» **Exercise requirements**
An exact copy is required of the lines running from the one that contains "Řezačka pro řezačku" to the end of the material, both ends included, with pictures omitted.

################

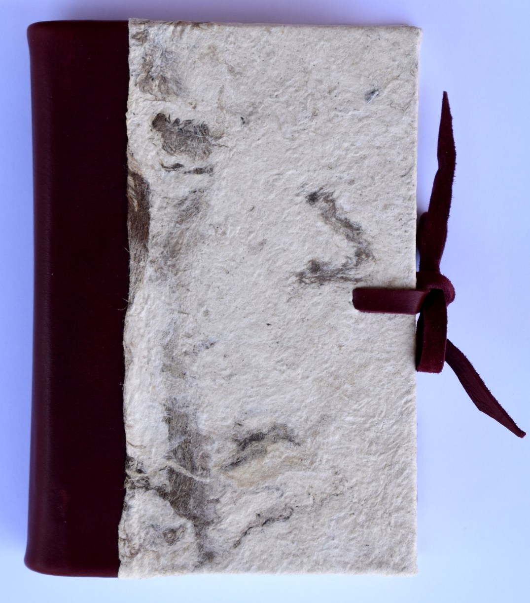 Ogni agenda “Daisy in the Book” è un prodotto unico, disegnate ed assemblate artigianalmente, vengono realizzate utilizzando materiali provenienti dal tutto il mondo. In questo caso l’agenda è stata rivestita da una speciale carta proveniente dal centro america, il Papel Amate, ottenuta ribollendo la corteccia interna di alcuni alberi del genere Ficus. Pestando a pietra il reistente materiale fibroso, si produce una carta sottile e delicata di colore marrone chiaro e con increspature più scure.
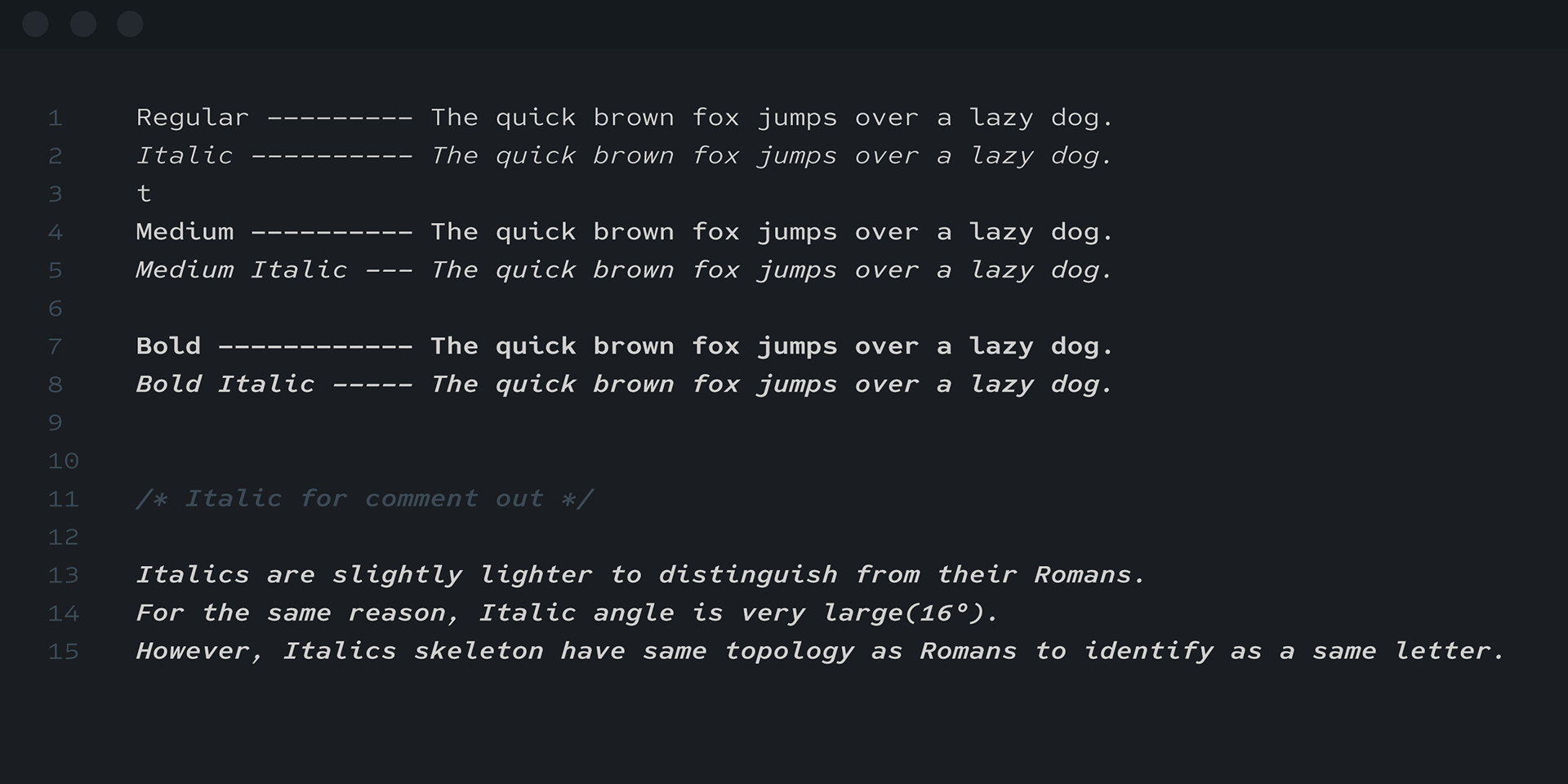 The italic styles feature a pronounced slant angle to ensure clear differentiation from the upright Roman styles. They are also slightly lighter in weight to enhance contrast, and are deliberately non-cursive—opting for a slanted Roman form instead. This choice supports clarity in programming contexts, where cursive forms can interfere with code legibility.
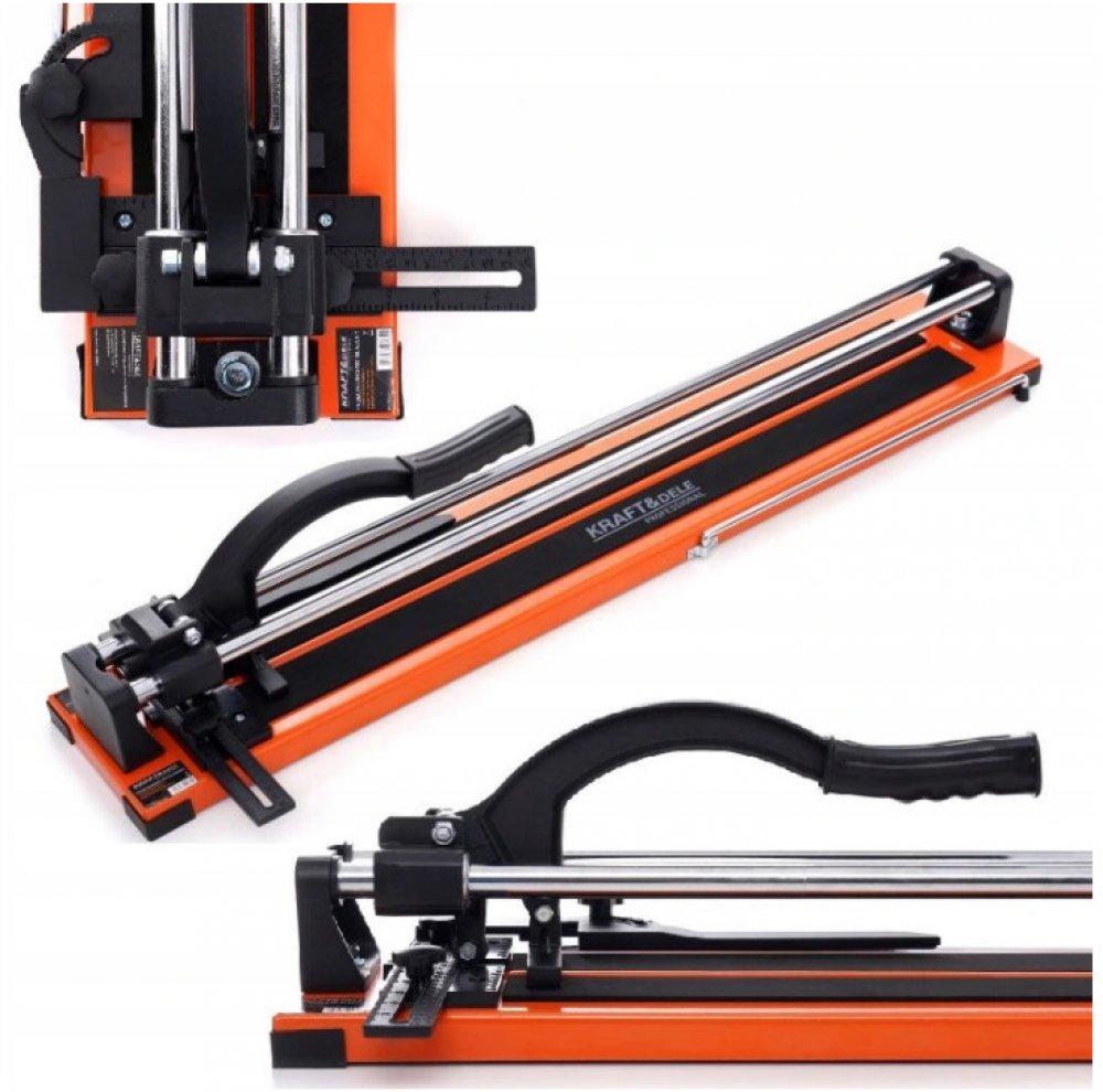 Řezačka pro řezačku dlaždic KD10673 od Kraft&Dele se skládá ze stabilní základny vyrobené ze silného ocelového plechu lemovaného podélně dvěma paralelními vodítky a posuvnými lištami.
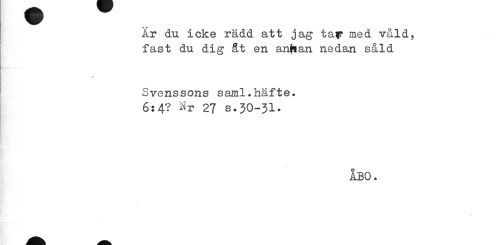 //// År du icke rädd att ja g tar nied våld, fast du dig åt en anjsan nedan såld //// » //// Svenssons saml.häfte. 6:4? Hr 27 s.JO-Jl. //// ÅBO. ////
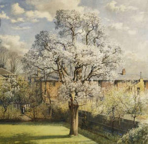 Bush and the artist Noel Laura Nisbet (1887‚Äì1956), whom he married in 1910,  live in the same semi-detached house in Queensland Avenue, Merton (a gift from Noel’s father) from 1914 until their deaths, but while Noel’s work featured imagined scenes (often for book illustrations), over the years Harry regularly depicted the suburban back gardens seen from his studio. He also painted landscapes, portraits and still life studies, but is best known as the painter of suburbia’. In truth, though, he remains largely unknown today: the inclusions of his 1923 painting A February Afternoon and 1940 painting A Corner of Merton, 16 August 1940 in the Tate Britain’s 2004 exhibition Art of the Garden was a rare ‚Äì and fully deserved ‚Äì recognition.
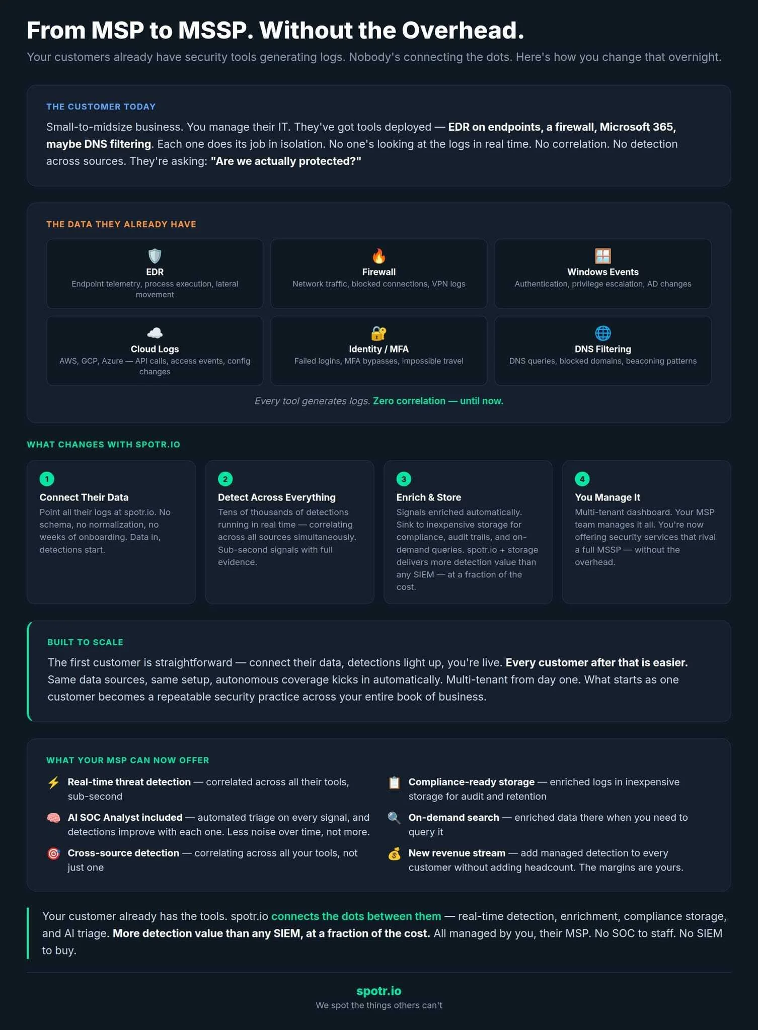 MSPs manage IT — they deploy tools, keep the lights on. But nobody's correlating the logs, watching for lateral movement at 2 AM, or detecting credential abuse across sources. Their customer asks "Are we actually secure?" and the MSP doesn't have a good answer.
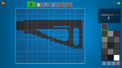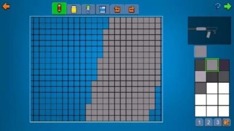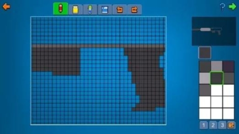 进入后,不要急着开始画,先规划好大概位置,防止空间不足导致缩水,或者枪械像素过低不美观

################

» **Answer to the exercise**
 Řezačka pro řezačku dlaždic KD10673 od Kraft&Dele se skládá ze stabilní základny vyrobené ze silného ocelového plechu lemovaného podélně dvěma paralelními vodítky a posuvnými lištami.
 //// År du icke rädd att ja g tar nied våld, fast du dig åt en anjsan nedan såld //// » //// Svenssons saml.häfte. 6:4? Hr 27 s.JO-Jl. //// ÅBO. ////
 Bush and the artist Noel Laura Nisbet (1887‚Äì1956), whom he married in 1910,  live in the same semi-detached house in Queensland Avenue, Merton (a gift from Noel’s father) from 1914 until their deaths, but while Noel’s work featured imagined scenes (often for book illustrations), over the years Harry regularly depicted the suburban back gardens seen from his studio. He also painted landscapes, portraits and still life studies, but is best known as the painter of suburbia’. In truth, though, he remains largely unknown today: the inclusions of his 1923 painting A February Afternoon and 1940 painting A Corner of Merton, 16 August 1940 in the Tate Britain’s 2004 exhibition Art of the Garden was a rare ‚Äì and fully deserved ‚Äì recognition.
 MSPs manage IT — they deploy tools, keep the lights on. But nobody's correlating the logs, watching for lateral movement at 2 AM, or detecting credential abuse across sources. Their customer asks "Are we actually secure?" and the MSP doesn't have a good answer.
 进入后,不要急着开始画,先规划好大概位置,防止空间不足导致缩水,或者枪械像素过低不美观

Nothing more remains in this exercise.